TASK REQUIREMENTS:
Restate the data word for word. Leave the pictures out.

[Stored records]
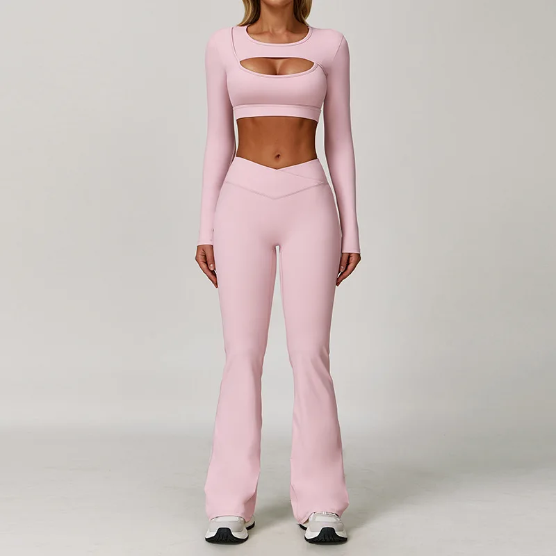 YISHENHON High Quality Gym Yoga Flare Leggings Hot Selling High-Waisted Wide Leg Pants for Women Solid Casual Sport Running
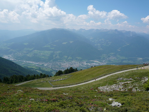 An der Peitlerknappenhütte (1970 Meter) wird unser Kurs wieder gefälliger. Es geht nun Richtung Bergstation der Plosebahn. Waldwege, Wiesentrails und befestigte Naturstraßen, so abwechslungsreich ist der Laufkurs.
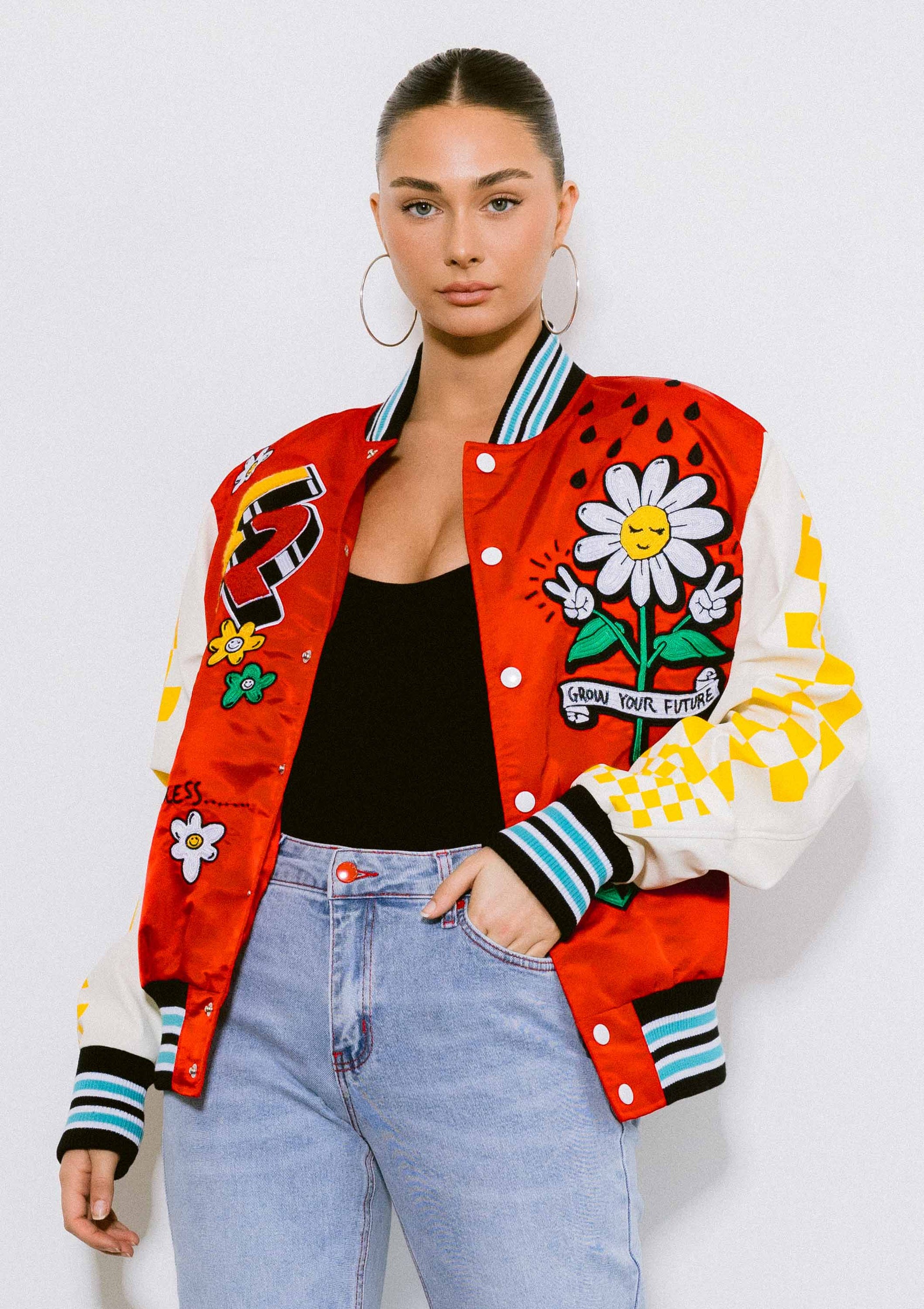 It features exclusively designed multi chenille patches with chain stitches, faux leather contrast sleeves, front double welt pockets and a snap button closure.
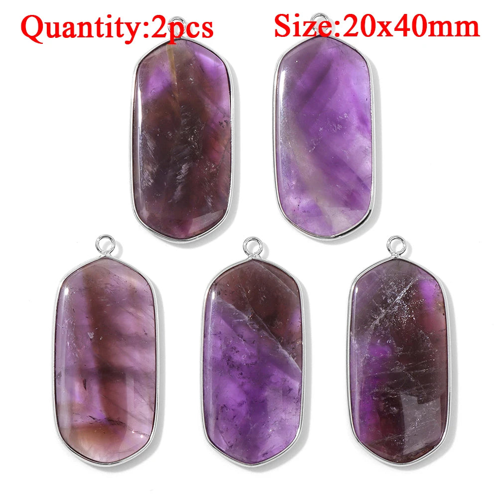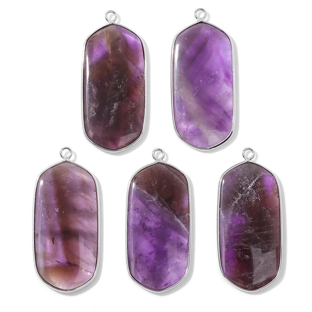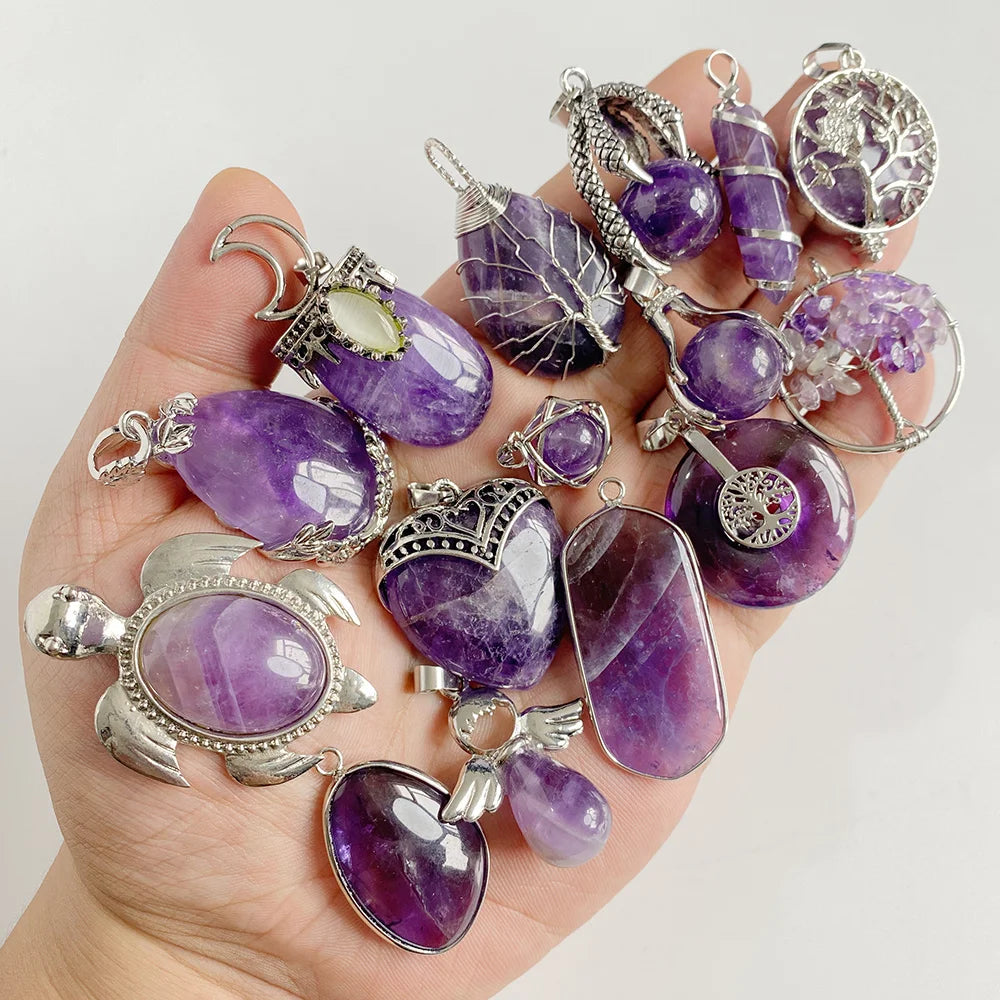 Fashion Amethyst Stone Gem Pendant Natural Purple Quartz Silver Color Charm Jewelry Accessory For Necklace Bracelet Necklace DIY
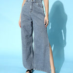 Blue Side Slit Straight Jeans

REPLY TO THE TASK:
 YISHENHON High Quality Gym Yoga Flare Leggings Hot Selling High-Waisted Wide Leg Pants for Women Solid Casual Sport Running
 An der Peitlerknappenhütte (1970 Meter) wird unser Kurs wieder gefälliger. Es geht nun Richtung Bergstation der Plosebahn. Waldwege, Wiesentrails und befestigte Naturstraßen, so abwechslungsreich ist der Laufkurs.
 It features exclusively designed multi chenille patches with chain stitches, faux leather contrast sleeves, front double welt pockets and a snap button closure.
 Fashion Amethyst Stone Gem Pendant Natural Purple Quartz Silver Color Charm Jewelry Accessory For Necklace Bracelet Necklace DIY
 Blue Side Slit Straight Jeans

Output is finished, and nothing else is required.